Advocacy group shines spotlight on child care need, potential solutions

New project brings together employers, providers, parents and others to build support for expanding resources

By: - April 7, 2022 6:30 am
children-child care

(Kelly Sikkema | Unsplash)

In late 2017, business leaders in Black River Falls started talking among themselves about how a lack of child care was causing absenteeism among their employees who were parents, even forcing some to drop out of the workforce.

They formed the Jackson County Childcare Network. The group initially consisted of business leaders, then expanded to incorporate representatives from school districts, local and county government, the county’s biggest employers, the Wisconsin Early Childhood Association (WECA) and the Wisconsin Department of Families and Children (DCF). In collaboration with the 7 Rivers Alliance, they conducted a survey that confirmed Jackson County was a child care desert, with some parents on waiting lists for more than  two years to get their children into a child care slot. 

The lack of child care was costing the county $2.5 million a year in lost productivity according to Marianne Torkelson, chair of the Jackson County Childcare Network, 

In a panel with child care advocates on Tuesday, Torkelson described how her organization formed and the work participants have been doing to recruit and retain child care providers. Last year, DCF reported the organization’s child care recruitment and retention efforts had led to three new providers opening in Jackson County. 
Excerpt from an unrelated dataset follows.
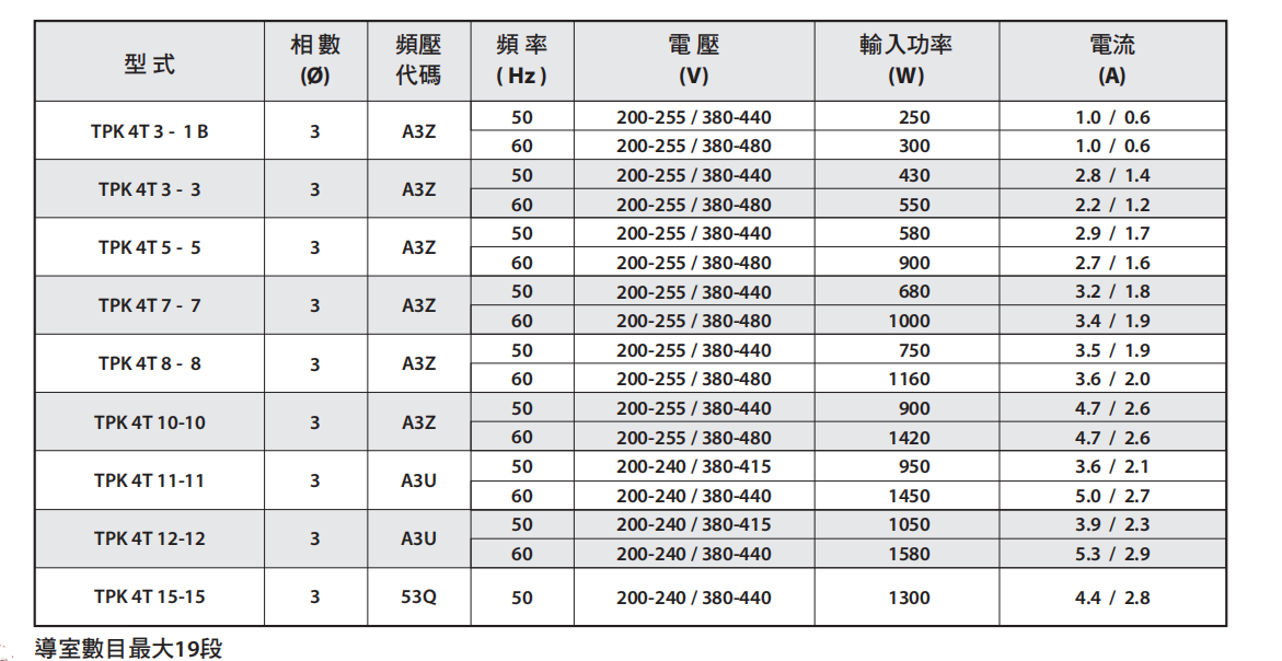 TPK4T技术参数规格表
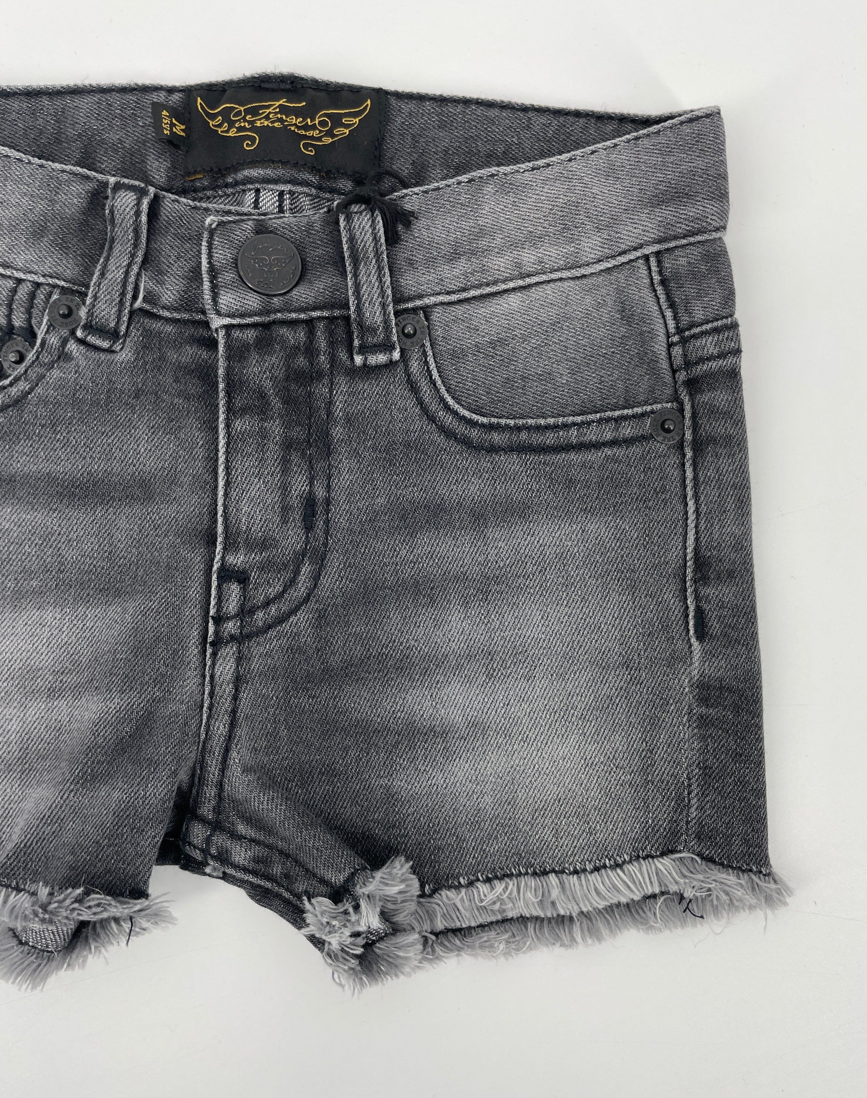 Donkergrijze korte broek met rafels van Finger in the Nose in maat 110. Het broekje heeft 5 zakken, sluit met een rits en drukker en is binnenin met elastiek verstelbaar. Op een van de achterzakken zit een zwarte merk applicatie, zie foto’s.

The pandemic brought into stark relief the need for child care, an industry that had struggled with high costs and low wages for years pre-pandemic. Federal and state funds offer some relief to providers and families, but those funds are scheduled to phase out by the end of 2023. 

This week, WECA launched a new initiative and website — RaisingWisconsin.org — to provide research, resources and recommended first steps for employers, community leaders, parents and child care providers who want to organize and advocate for long-term child care solutions for their community.

Ruth Schmidt, executive director, Wis. Early Childhood Assn.

“We have seen increasing numbers of state organizations, economic leaders, parents, and community leaders who recognize the critical importance of high quality and affordable child care for healthy children and a healthy Wisconsin economy,” said Ruth Schmidt, WECA’s executive director, at a press conference Monday.

Raising Wisconsin seeks to encourage those groups and interests to collaborate more broadly on ways to expand the availability of child care and advocate for policies that will ensure that care is both high quality and affordable. “We envision Raising Wisconsin as an impactful vehicle that combines advocacy with experiences from across the state to build a future where all young children are able to thrive,” she said. 

Bringing a variety of local groups together has led to some creative solutions. In Jackson County, a partnership with the local Future Farmers of America chapter has created a program where high school students work with early childhood educators to teach about gardening, farming, food and health. It was prompted, Torkelson said, when she ran into one of the FFA advisors while shopping.

“The reason that we’ve been successful is because of the relationships that we have within our community,” Torkelson says. “We all go to church together. We go to the ball games together, we see each other at their grocery store, and we’re a community that comes together and really believes in doing what’s right for our children.”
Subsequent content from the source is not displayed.